Le petit garçon devenu adulte, amoureux de toutes les femmes et grand séducteur, se rend un jour en Israël « Et… Docteur (car tout le livre s’adresse à un psychanalyste), Docteur, je ne pouvais pas bander dans L’État d’Israël ! Qu’est-ce que vous dites de ce symbolisme, bubi ? Incapable de rester en état d’érection sur la Terre promise ! »

« Voici donc l’apogée du drame Œdipien, Docteur ?

  • Œdipus Rex est une célèbre tragédie, corniaud, pas une plaisanterie de plus !
  • Vous êtes un sadique, vous êtes un charlatan et un rigolo minable. »

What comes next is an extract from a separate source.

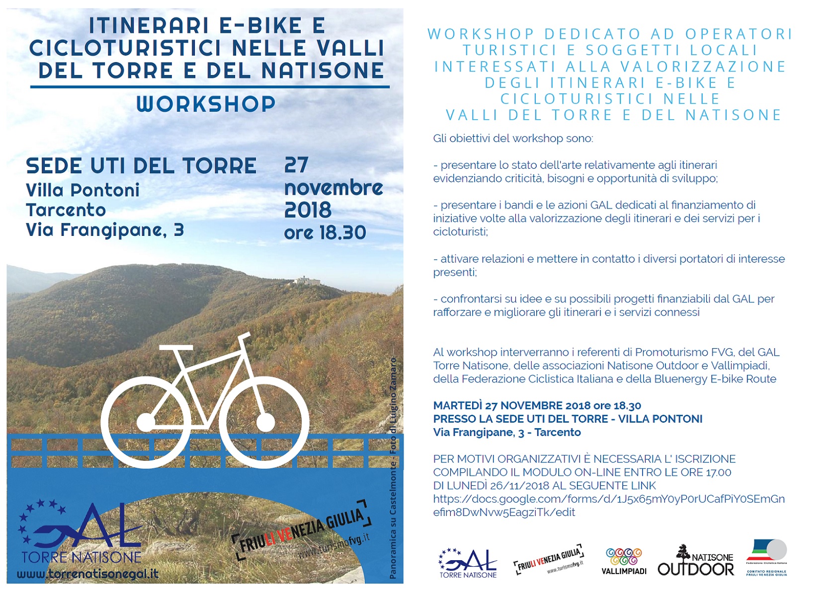 WORKSHOP: ITINERARI E-BIKE E CICLOTURISTICI NELLE VALLI DEL TORRE E NATISONE

Mais le mot de la fin appartient au psychanalyste.

Ayant écouté le récit des tribulations amoureuses de Portnoy, de sa prime enfance au fiasco de sa vie sexuelle adulte, le rigolo minable dit à son patient :

« Pon, dit le docteur, alors maintenant nous beutêtre bouvoir commencer, oui ? »


1 Communication au Colloque « Pratiques de la folie : Experts de l’intime », juin 1999.

2 Piera Aulagnier, La violence de l’interprétation, PUF, p. 140-141.

3 S. Freud, Inhibition, symptôme et angoisse, PUF, p. 44.

4 S. Leclaire, Œdipe à Vincennes, Fayard, 1999.